=== EXERCISE DATA ===

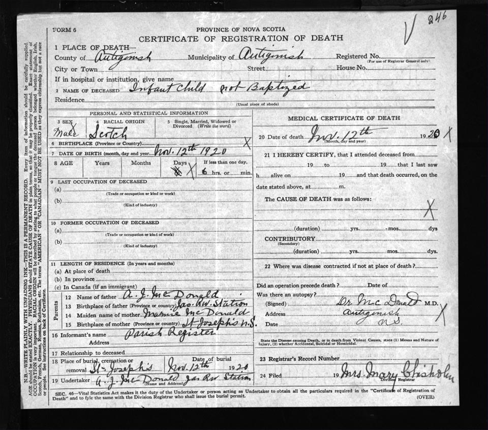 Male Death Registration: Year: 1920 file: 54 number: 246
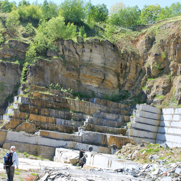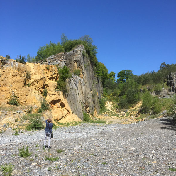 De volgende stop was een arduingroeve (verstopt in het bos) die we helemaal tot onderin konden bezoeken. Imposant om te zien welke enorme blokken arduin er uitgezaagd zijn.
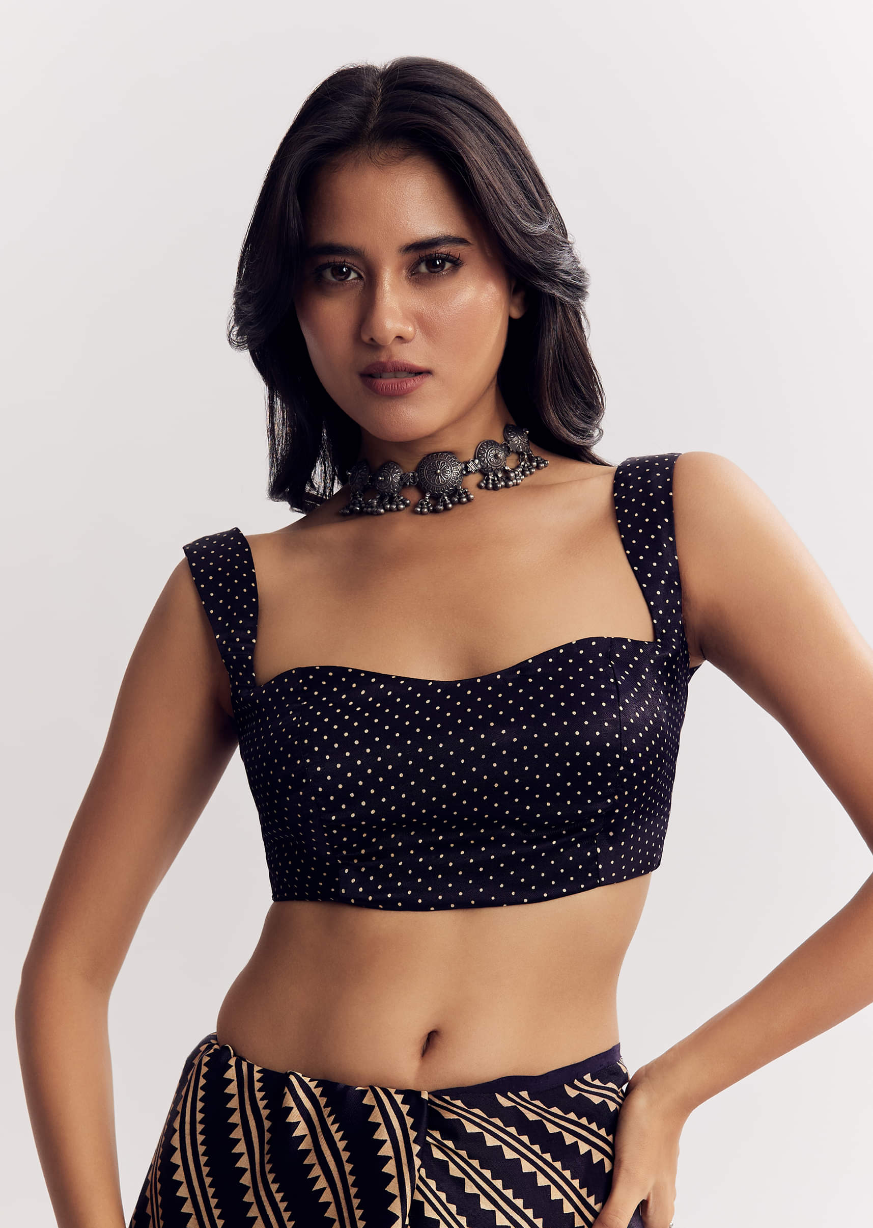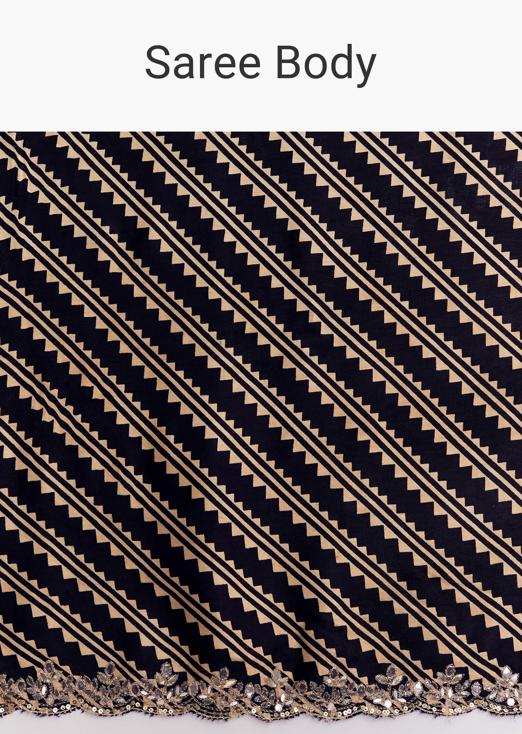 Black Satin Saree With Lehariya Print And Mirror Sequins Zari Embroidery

===

EXERCISE >> Word for word, restate the whole listing and drop the images.

RESULT FOR THIS EXERCISE >>
 Male Death Registration: Year: 1920 file: 54 number: 246
 De volgende stop was een arduingroeve (verstopt in het bos) die we helemaal tot onderin konden bezoeken. Imposant om te zien welke enorme blokken arduin er uitgezaagd zijn.
 Black Satin Saree With Lehariya Print And Mirror Sequins Zari Embroidery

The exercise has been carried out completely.